Doğulu bir ermiş, dualarında, kaderin kendisini ilgi çekici bir çağ yaşamaktan alıkoymasını dilermiş. Ermiş olmadığımızdan, kader bizleri korumadı; ilgi çekici bir çağ yaşıyoruz. ilgi çekici, hiç değilse kendisi ile ilgilenmemizi isteyen bir çağ. Günümüz yazarları da biliyorlar bunu. Ağızlarını açsalar, hücuma uğruyorlar, tenkit ediliyorlar. Alçak gönüllülük gösterip sussalar, niçin sustukları soruluyor, en şiddetli şekilde azarlanıyorlar.

Böyle bir karışıklık ortasında yazar, kendi düşüncelerini ve sevgili hayallerini izleyebilmek için, dışta kalmayı ümit edemez. Şimdiye kadar, çekimserlik tarih boyunca mümkün olmuştu, iyi ya da kötü. Bir sorunu doğrulamayan susabilir, ya da başka konudan söz açabilirdi. Bugün, her şey değişti; ses çıkarmamanın bile, şüphe dolu bir anlamı var. Çekimserliğin bile bir taraf tutma sayıldığı andan itibaren yazar-övülsün ya da yerilsin- ister istemez gemiye binmiştir (M. Albert Camus burada «embarqué» kelimesini kullanıyor, öyle sanırım ki, söylediklerinin ruhuna uygun olarak bu cümleye «…ister istemez kavgaya katılmıştır» demek daha doğru olacaktır. Düz yazıya bağlı kalmak endişesi ile kelimeyi olduğu gibi çevirmeyi daha sadık buldum.) Gemiye binmiştir, demek, burada bana, güdümlenmiştir demekten daha doğru geliyor. Gerçekte de söz konusu olan, iradeye bağlı bir güdümlülük değil, bir çeşit zorlu askerlik ödevidir. Bütün sanatçılar bugün, zamanlarının kalyonuna binmişlerdir. Bu duruma boyun eğmek zorundadırlar; ister o kalyon ringa koksun, ister muhafızlarının sayısı pek çok olsun, hattâ isterse rota yanlış olsun. Denizin ta ortasındayız. Sanatçı da, ötekiler gibi, sırası gelince kürek çekmek zorundadır, ölmeden dayanmalıdır buna; yani yaşamakta devam ederek, yaratarak.

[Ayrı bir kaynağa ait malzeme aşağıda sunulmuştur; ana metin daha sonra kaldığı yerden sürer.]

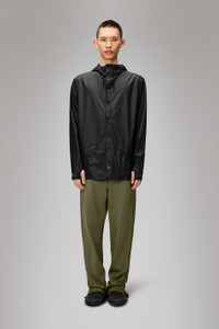 Jacket is an ever-contemporary unisex rain jacket. Characterized by a minimal silhouette with high functionality. This rain jacket features a placket with snap fastenings for closure, hood with built-in cap and two side pockets with snaps. Sleeves are finished with snaps making them adjustable for a loose or tight fit. The design is easy-to-wear with an elegant drape. The unisex rain jacket is completed with under-arm eyelets and a back yoke with concealed vents for breathable comfort. Jacket is cut from Rains' signature PU fabric and features welded seams. The finish is lightweight with a smooth feel. SKU: 12010\01 Details Composition: 100.00% PES (Polyester) Water column: 5000 mm Windproof: Protection against windchill Weight: 16.6 oz Features - Waterproof signature PU fabric - Hood with built-in cap and drawstring - Placket with snap closure - Two side pockets with snaps - snap adjustment at sleeve cuffs - Vents at arm holes and back yoke - Welded seams - Fishtail hem - Regular fit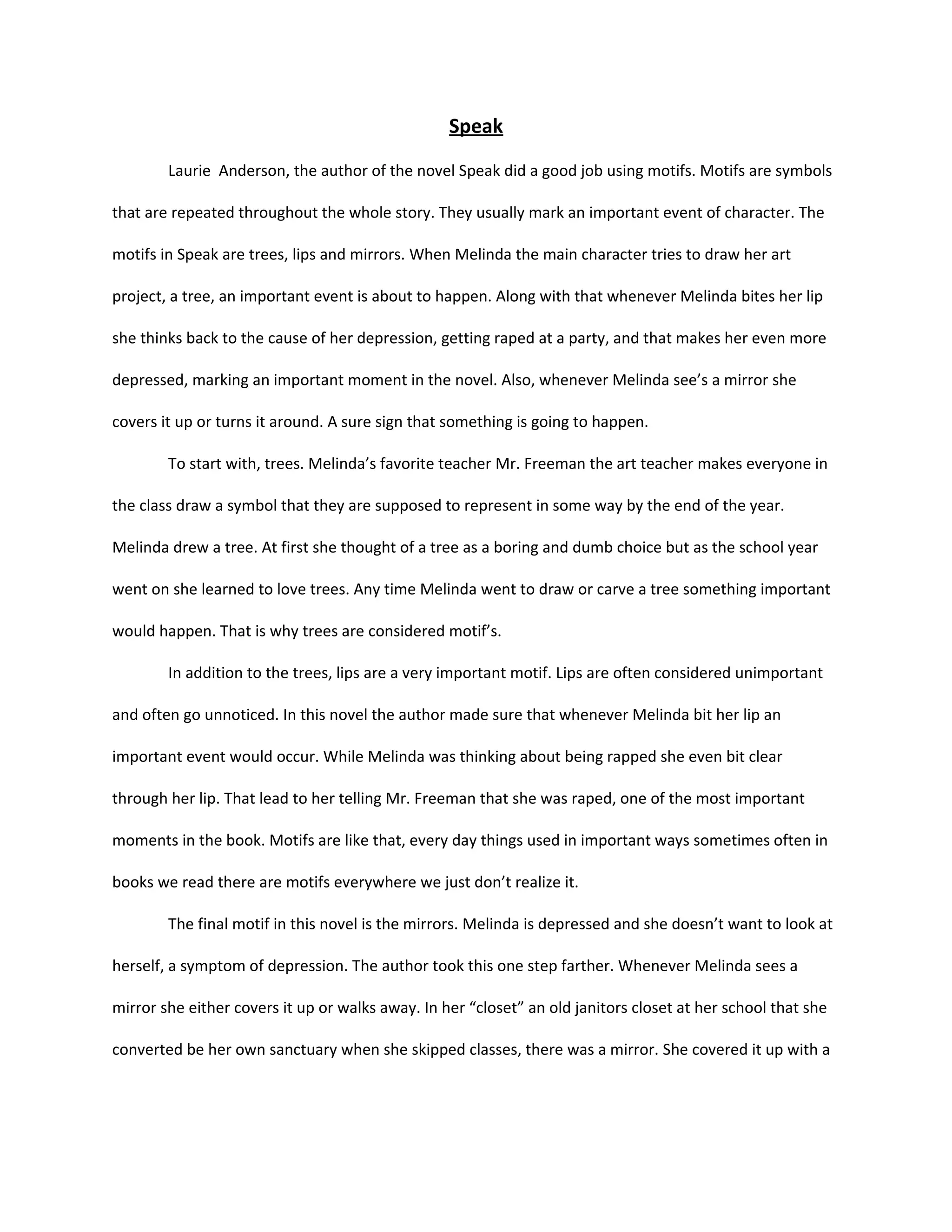 The document discusses the use of motifs in the novel "Speak" by Laurie Anderson. It identifies three motifs used in the novel - trees, lips, and mirrors. [1] Trees represent important events in the story, especially related to Melinda's art projects. [2] Lips signify moments when Melinda thinks back to being raped, worsening her depression. [3] Mirrors indicate that something impactful is about to happen, as Melinda avoids looking at her reflection due to her depression. The author effectively uses these everyday objects as motifs to mark meaningful points and deepen the story.

Doğrusu kolay değil bu; onların geçmiş zamandaki rahatlarının özlemini çekmelerini anlıyorum. Değişme biraz sert oldu. Şüphe yok, tarihin sirkinde aslanla kurban her zaman vardılar. Kurban sonsuzluğun vaatleri ile kuvvet buluyordu, aslan tarihin kanlı gıdası ile. Ama bu devirde sanatçı, sirkin ortasında değildi, seyirciler arasında oturuyordu. Şarkısını kendisi için söylüyordu; ya da kurbanı cesaretlendirmek, aslanın da iştihasını açmak için. Şimdi ise sanatçı sirktedir. Elbette sesi aynı kalmamıştır; daha az güvenle çıkmaktadır.
Sanatın bu değişmez zorunluk yüzünden neler yitirdiği görülüyor. Önce rahatlık; ve Mozart’ın eserinde nefes alan o kutsal özgürlük. Böylece sanat eserlerimizin, birdenbire uğradıkları’ bozgun, çatılmış çehresi, şaşkın ve öldürülmüş havası daha iyi anlaşılıyor. Niçin ortalıkta yazardan çok gazetecinin, Cezanne’dan çok resim yamağının gezindiği, nasıl olup da aşk romanları ile polis romanlarının Harp ve Sulh, ya da, Parma Manastırı’nın yerini aldığı, böylelikle açıklanıyor. Şüphe yok, bunlara karşı, insancıl yalvarıp yakarmayı çıkarabiliriz; Ezilenler’de Stephan Trophimotichin, bütün kuvveti ile istediğini olabiliriz: örnek bir sitem. Onun gibi uygar bir bedbinliğe düştüğümüz olabilir. Ama bu keder, gerçeği değiştirmez. Bence en iyi yol, —mademki kendisi, kuvvetle istiyor bunu — çağımıza hakkını tanımak ve sevgili üstatlar, kamelyalı sanatçılar çağının sona erdiğini kabul etmektir. Bugün yaratmak, tehlike içinde yaratmaktır. Her yayım, bir harekette bulunmaktır; ve bu hareket hiç bir şeyi affetmiyen çağın ihtirasları önüne çıkmıştır. Sorun, bu hareketin sanata zararlı olup olmadığını bilmekte değildir. Sanatsız, sanatın anlamı olmadan yaşayamıyanlar için, bu kadar ideolojik kısıtlama içinde, (bu kadar inanış içinde, bu ne yalnızlık!) yaratıcılığın garip özgürlüğünün mümkün olup olmadığını bilmektir.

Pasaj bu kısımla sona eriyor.